Nee, de proxy werkt niet met verouderde versiebeheer voor één notebook. Gebruikers moeten migreren naar versiebeheer van Git-mappen in Databricks.
Kan Databricks URL's van Git-servers verbergen die zijn geproxied? Kunnen gebruikers de oorspronkelijke URL's van de Git-server invoeren in plaats van geproxiede URL's?
Ja tegen beide vragen. Gebruikers hoeven hun gedrag voor de proxy niet aan te passen. Met de huidige proxy-implementatie wordt al het Git-verkeer voor Databricks Git-mappen gerouteerd via de proxy.

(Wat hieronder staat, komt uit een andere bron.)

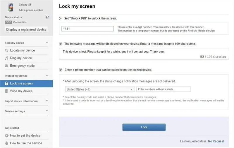 - 锁定之前,手机上必须已激活“查找我的手机”。

Gebruikers voeren de url van de normale Git-opslagplaats in, zoals https://git.company.com/org/repo-name.git
.
Hoe vaak werken gebruikers met de Git-URL's?
Normaal gesproken voegt een gebruiker alleen de Git-URL toe wanneer ze een nieuwe opslagplaats maken of een bestaande opslagplaats uitchecken die ze nog niet hebben uitgecheckt.
Wordt de functie transparant proxyverificatiegegevens naar de Git-server verzonden?
Ja, de proxy gebruikt het Git-servertoken van het gebruikersaccount om te verifiëren bij de Git-server.
Heeft Databricks toegang tot Git-servercode?
De Azure Databricks-proxyservice opent de Git-opslagplaats op de Git-server met behulp van de door de gebruiker verstrekte referenties en synchroniseert alle codebestanden in de opslagplaats met de Git-map. Toegang wordt beperkt door de machtigingen die zijn opgegeven in het door de gebruiker verstrekte persoonlijke toegangstoken (PAT).